4 ve 5. âyetler, Allah’ın baharda yeşil bitkileri bitirip vakti gelince onları kapkara bitki kalıntısı haline getirmesi şeklinde açıklandığı gibi mecazen “canlı varlıklara hayat veren ve zamanı gelince onları öldüren” anlamında da yorumlanabilir. Bazı çağdaş yorumcular 5. âyetin, kömür madeninin teşekkülüne işaret ettiğini ileri sürmüşlerdir. Buna göre ilâhî kudret önceleri her türlü bitkiyi, ağacı yetiştirip uzun zaman sonra bunları kömür haline getirmiştir, âyet bu olayı ifade etmektedir. Zira kömür yataklarının önceki jeolojik dönemlerde yaşamış olan dev bitkilerle ormanların geçirdiği değişikliklerin ardından yer altında basınç ve ısı etkisiyle kömüre dönüşmüş olduğu bilinmektedir. Cansız madde olan taş ve topraktan yemyeşil otların ve ormanların çıkması nasıl Allah’ın kudretini gösteren bir olaysa onların zamanla taş kömürüne dönüşmesi de öylece O’nun kudretini gösteren bir olaydır (bk. Elmalılı, VIII, 5747-5758; Emin Işık, “A‘lâ Sûresi”, DİA, II, 311).

Kaynak : Kur'an Yolu Tefsiri Cilt:5 Sayfa:602-603

4 Nisan 2025 Cuma

Birinci oturuşu son oturuş sanarak selam veren kimse ne yapar?

Dört rek'atlı namaz kılmakta iken son oturuşta olduğunu zannederek dalgınlık sonucu ilk oturuşta selâm veren kişi, eğer bu selâmdan sonra konuşmak, yönünü kıbleden çevirmek gibi namaza aykırı bir davranışta bulunmamışsa kaldığı yerden namaza devam eder ve dördüncü rek'atın sonunda sehiv secdesi yapar. Aksi takdirde bu namazı yeniden kılar.
İlk oturuşta selâm verme hatası yanılmaya değil de bilgi eksikliğine dayanıyorsa namaz iade edilir. Mesela seferî olmadığı hâlde seferî olduğu düşüncesi ile normalde dört rek'at olarak kılması gereken bir namazı iki rek'at olarak kılarsa bu namazın dört rek'at olarak yeniden kılınması gerekir (İbn Âbidîn, Reddü’l-muhtâr, 2/129).

3 Nisan 2025 Perşembe

Farz namazlarda ilk oturuşu unutan kimse namazını nasıl tamamlar?
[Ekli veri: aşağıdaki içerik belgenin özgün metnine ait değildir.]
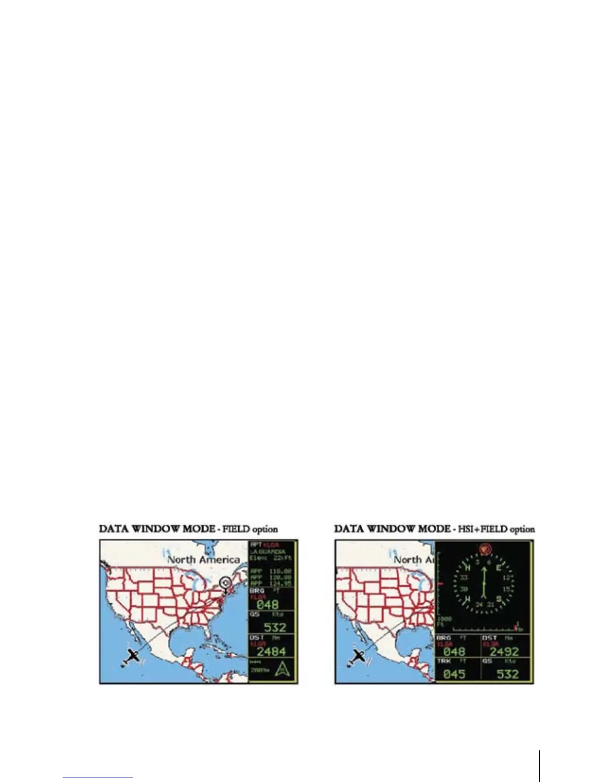 The Data Window is displayed on the top of the Moving Map. This window provides navigation
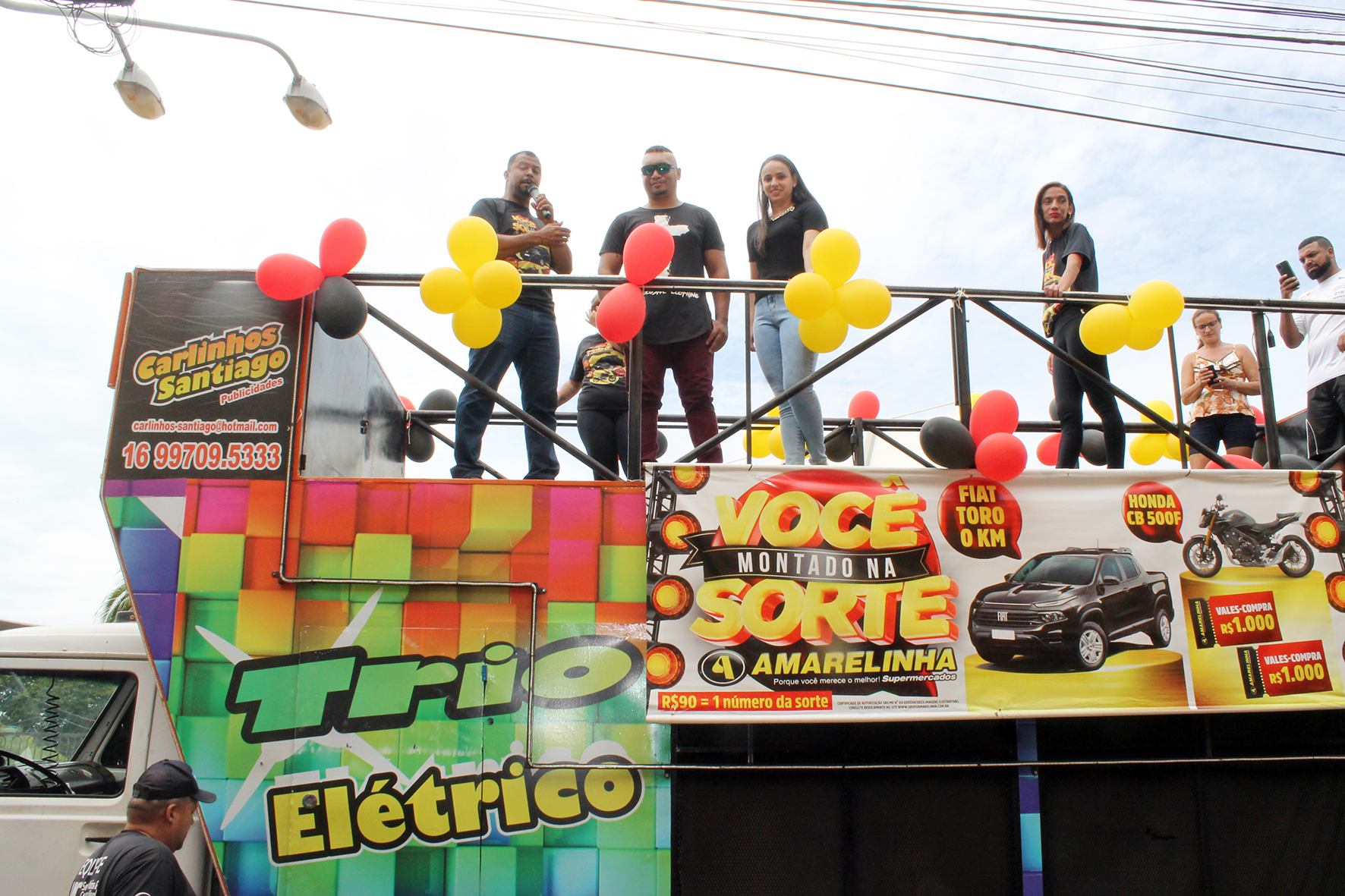 Página Inicial Dia a Dia Amarelinha Supermercados entrega moto Honda CB500F e Fiat Toro da campanha “Você Montado na Sorte” trio

İlk oturuş, namazın vaciplerindendir. Vacibin unutulması durumunda son oturuşta sehiv secdesi yapılması gerekir. İlk oturuşun kasten terk edilmesi ise tahrîmen mekruhtur, dolayısıyla namazın iade edilmesi gerekir (İbn Nüceym, el-Bahr, 1/310; İbn Âbidîn, Reddü’l-muhtâr, 2/88).

2 Nisan 2025 Çarşamba

Namazda son oturuşu yapmadan ayağa kalkan kişi ne yapmalıdır?

Namaz kılmakta olan birisi, son oturuşu yapmadan unutkanlıkla ayağa kalkarsa, secdeye varmadıkça geri oturup tahiyyât duasını okuduktan sonra sehiv secdesi yaparak namazını tamamlar.
Eğer kalktığı rek'atın secdesini yapmışsa İmam Ebû Hanîfe ve İmam Ebû Yûsuf’a göre artık bu namazın farz namaz olarak tamamlanması mümkün olmaz. Kılmakta olduğu namaz, iki veya dört rek'atlı bir namaz ise bu durumda, bir rek'at daha kılarak namazını tamamlar. Bu namaz, nâfileye dönüşmüş olur. Ardından bu farzı yeniden kılması gerekir.
Yanlışlıkla kalkılan rek'atın secdesi yapılmışsa buna bir rek'atın eklenmesi, nâfile namazların çift sayılı rek'atlar şeklinde kılınmasının meşru olmasından dolayıdır (İbn Nüceym, el-Bahr, 2/112). Kılmakta olduğu namaz akşam namazı ise kalktığı rek'atın secdesini yapmamışsa, yukarıda olduğu gibi geri oturup sehiv secdesi yaparak namazını tamamlar. Eğer kalktığı rek'atın secdesini yapmışsa bu durumda namazı dört rek'at olarak kılmış olur. Kıldığı namaz bu hâliyle nâfileye dönüşmüş olacağından akşam namazının farzını yeniden kılar.